- **What to do**
Produce a word-for-word copy of the listing below without its pictures.

- **Data excerpt**
☆ ☆ ☆ ☆ ☆ ☆ ☆
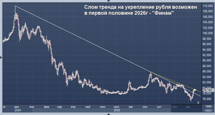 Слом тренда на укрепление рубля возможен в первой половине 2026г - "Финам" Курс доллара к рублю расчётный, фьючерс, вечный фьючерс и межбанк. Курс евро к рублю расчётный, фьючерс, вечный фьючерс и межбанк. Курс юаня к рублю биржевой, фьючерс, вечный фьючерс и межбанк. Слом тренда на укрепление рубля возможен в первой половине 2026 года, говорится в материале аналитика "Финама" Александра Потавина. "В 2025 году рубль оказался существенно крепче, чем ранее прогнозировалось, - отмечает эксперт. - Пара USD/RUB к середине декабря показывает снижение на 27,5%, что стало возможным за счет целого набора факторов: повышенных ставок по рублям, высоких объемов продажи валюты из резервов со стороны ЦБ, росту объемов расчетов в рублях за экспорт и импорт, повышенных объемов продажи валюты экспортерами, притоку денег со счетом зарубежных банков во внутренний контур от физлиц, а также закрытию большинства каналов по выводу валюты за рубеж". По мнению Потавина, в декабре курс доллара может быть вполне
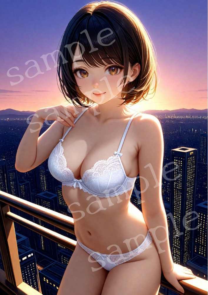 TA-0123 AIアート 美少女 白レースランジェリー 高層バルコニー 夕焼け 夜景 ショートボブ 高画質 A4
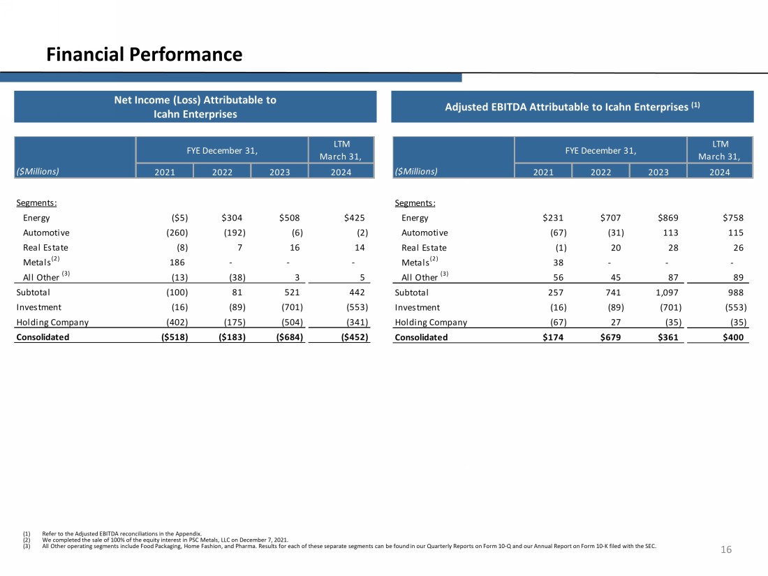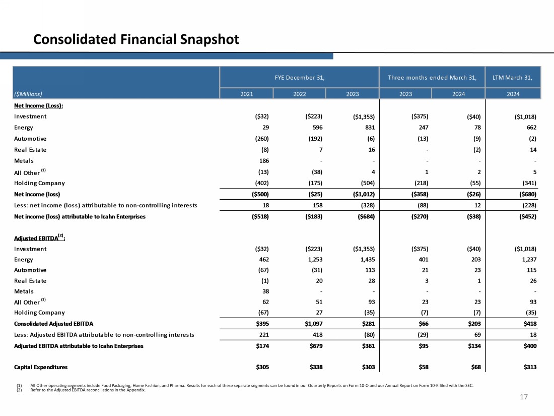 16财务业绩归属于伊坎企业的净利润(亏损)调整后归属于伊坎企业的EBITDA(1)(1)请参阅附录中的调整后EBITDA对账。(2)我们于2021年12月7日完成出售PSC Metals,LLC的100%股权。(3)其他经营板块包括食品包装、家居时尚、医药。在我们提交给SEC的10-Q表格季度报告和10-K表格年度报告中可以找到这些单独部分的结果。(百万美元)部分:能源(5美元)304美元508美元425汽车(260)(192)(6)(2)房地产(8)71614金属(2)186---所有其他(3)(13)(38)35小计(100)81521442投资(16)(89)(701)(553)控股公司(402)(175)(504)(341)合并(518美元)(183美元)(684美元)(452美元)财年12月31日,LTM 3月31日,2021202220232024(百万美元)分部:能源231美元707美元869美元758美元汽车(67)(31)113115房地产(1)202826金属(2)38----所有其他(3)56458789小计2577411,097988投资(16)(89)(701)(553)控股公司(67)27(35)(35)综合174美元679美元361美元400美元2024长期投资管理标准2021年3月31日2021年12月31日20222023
☆ ☆ ☆ ☆ ☆ ☆ ☆
- **Answer below**
 Слом тренда на укрепление рубля возможен в первой половине 2026г - "Финам" Курс доллара к рублю расчётный, фьючерс, вечный фьючерс и межбанк. Курс евро к рублю расчётный, фьючерс, вечный фьючерс и межбанк. Курс юаня к рублю биржевой, фьючерс, вечный фьючерс и межбанк. Слом тренда на укрепление рубля возможен в первой половине 2026 года, говорится в материале аналитика "Финама" Александра Потавина. "В 2025 году рубль оказался существенно крепче, чем ранее прогнозировалось, - отмечает эксперт. - Пара USD/RUB к середине декабря показывает снижение на 27,5%, что стало возможным за счет целого набора факторов: повышенных ставок по рублям, высоких объемов продажи валюты из резервов со стороны ЦБ, росту объемов расчетов в рублях за экспорт и импорт, повышенных объемов продажи валюты экспортерами, притоку денег со счетом зарубежных банков во внутренний контур от физлиц, а также закрытию большинства каналов по выводу валюты за рубеж". По мнению Потавина, в декабре курс доллара может быть вполне
 TA-0123 AIアート 美少女 白レースランジェリー 高層バルコニー 夕焼け 夜景 ショートボブ 高画質 A4
 16财务业绩归属于伊坎企业的净利润(亏损)调整后归属于伊坎企业的EBITDA(1)(1)请参阅附录中的调整后EBITDA对账。(2)我们于2021年12月7日完成出售PSC Metals,LLC的100%股权。(3)其他经营板块包括食品包装、家居时尚、医药。在我们提交给SEC的10-Q表格季度报告和10-K表格年度报告中可以找到这些单独部分的结果。(百万美元)部分:能源(5美元)304美元508美元425汽车(260)(192)(6)(2)房地产(8)71614金属(2)186---所有其他(3)(13)(38)35小计(100)81521442投资(16)(89)(701)(553)控股公司(402)(175)(504)(341)合并(518美元)(183美元)(684美元)(452美元)财年12月31日,LTM 3月31日,2021202220232024(百万美元)分部:能源231美元707美元869美元758美元汽车(67)(31)113115房地产(1)202826金属(2)38----所有其他(3)56458789小计2577411,097988投资(16)(89)(701)(553)控股公司(67)27(35)(35)综合174美元679美元361美元400美元2024长期投资管理标准2021年3月31日2021年12月31日20222023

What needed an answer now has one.